Task brief:
The entries below contain pictures. Write out only the lines from the line with "Une fois les" up to and including the line with "- [Storage Space]", exactly, without them.

Data:
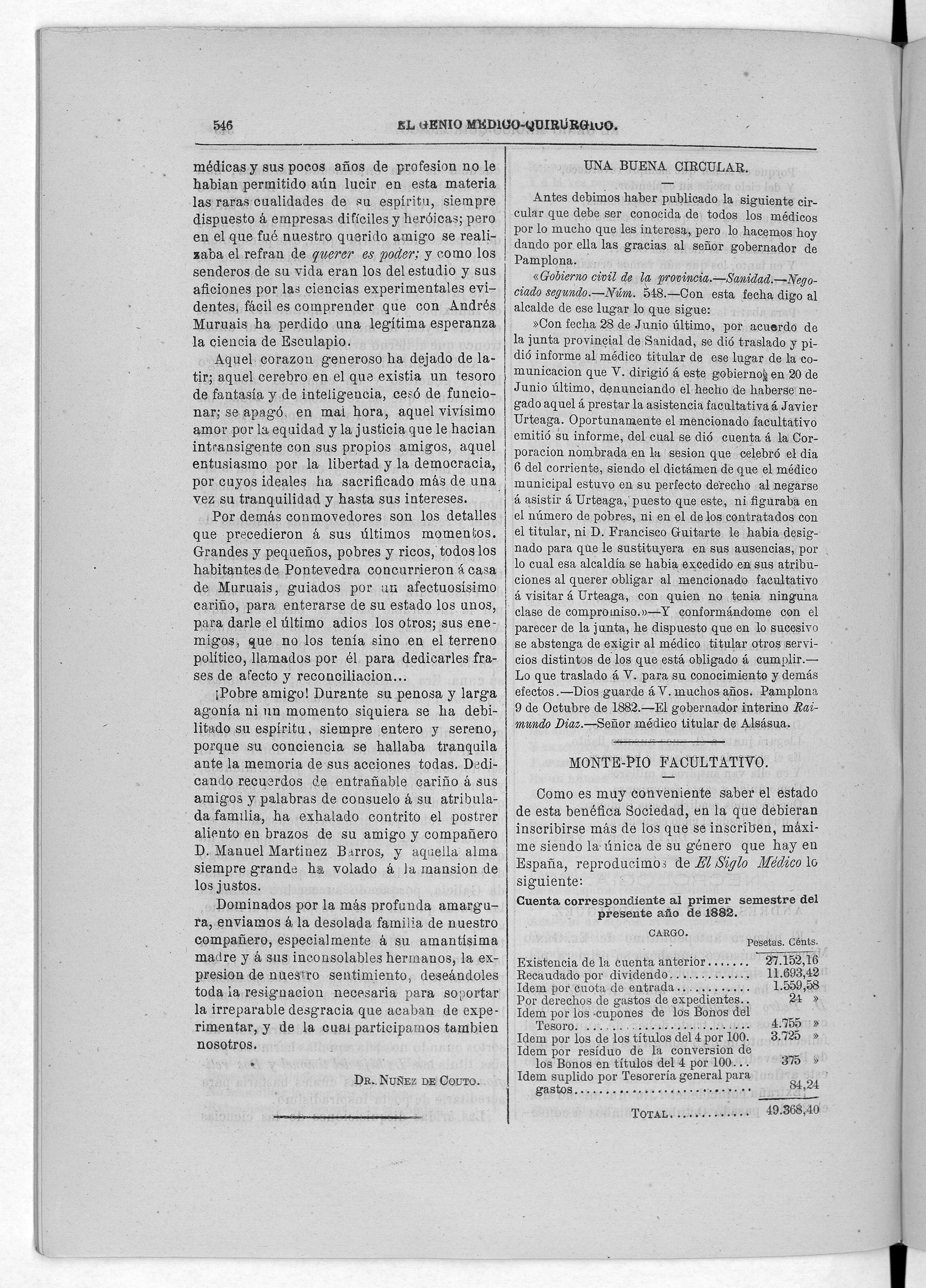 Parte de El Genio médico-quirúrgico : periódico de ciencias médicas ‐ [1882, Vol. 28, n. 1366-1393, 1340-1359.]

--

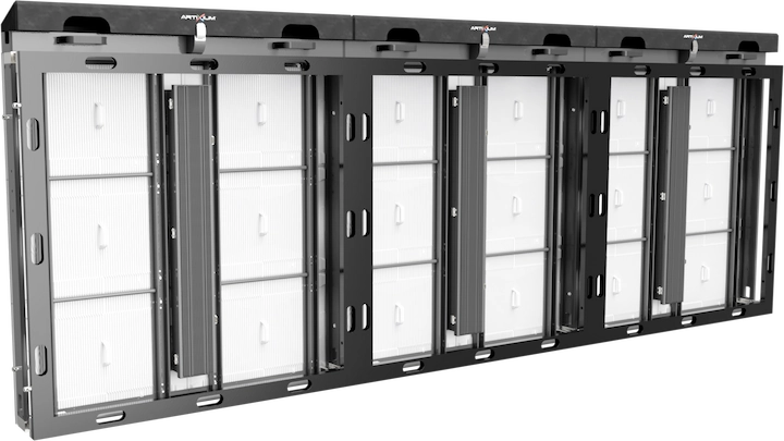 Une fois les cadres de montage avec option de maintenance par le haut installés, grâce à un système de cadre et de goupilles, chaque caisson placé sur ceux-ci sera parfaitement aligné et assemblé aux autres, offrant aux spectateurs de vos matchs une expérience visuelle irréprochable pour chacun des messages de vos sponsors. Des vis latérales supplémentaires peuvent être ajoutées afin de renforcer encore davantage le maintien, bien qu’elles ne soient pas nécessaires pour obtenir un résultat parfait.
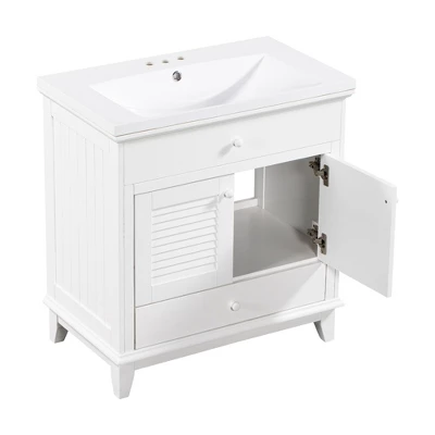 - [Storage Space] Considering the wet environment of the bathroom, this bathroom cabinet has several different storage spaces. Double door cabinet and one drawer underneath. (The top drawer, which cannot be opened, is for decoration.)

* * *

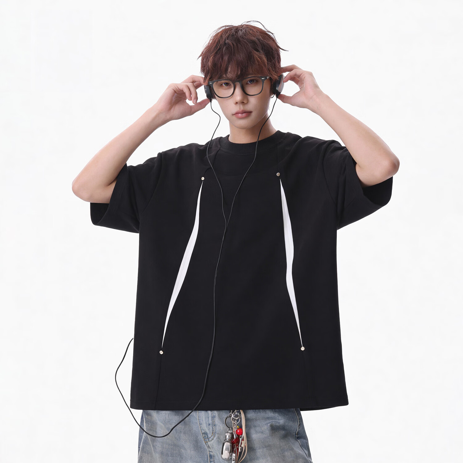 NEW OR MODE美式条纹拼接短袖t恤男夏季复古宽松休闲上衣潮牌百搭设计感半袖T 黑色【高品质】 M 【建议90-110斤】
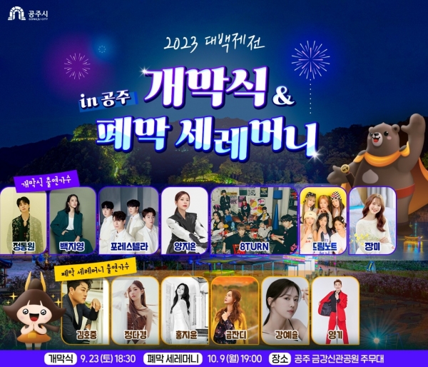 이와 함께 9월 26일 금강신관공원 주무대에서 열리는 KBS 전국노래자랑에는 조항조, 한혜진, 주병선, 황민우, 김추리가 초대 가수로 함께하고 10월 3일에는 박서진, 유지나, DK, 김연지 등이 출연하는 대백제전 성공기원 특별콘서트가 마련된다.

Solution to the exercise:
 Une fois les cadres de montage avec option de maintenance par le haut installés, grâce à un système de cadre et de goupilles, chaque caisson placé sur ceux-ci sera parfaitement aligné et assemblé aux autres, offrant aux spectateurs de vos matchs une expérience visuelle irréprochable pour chacun des messages de vos sponsors. Des vis latérales supplémentaires peuvent être ajoutées afin de renforcer encore davantage le maintien, bien qu’elles ne soient pas nécessaires pour obtenir un résultat parfait.
 - [Storage Space] Considering the wet environment of the bathroom, this bathroom cabinet has several different storage spaces. Double door cabinet and one drawer underneath. (The top drawer, which cannot be opened, is for decoration.)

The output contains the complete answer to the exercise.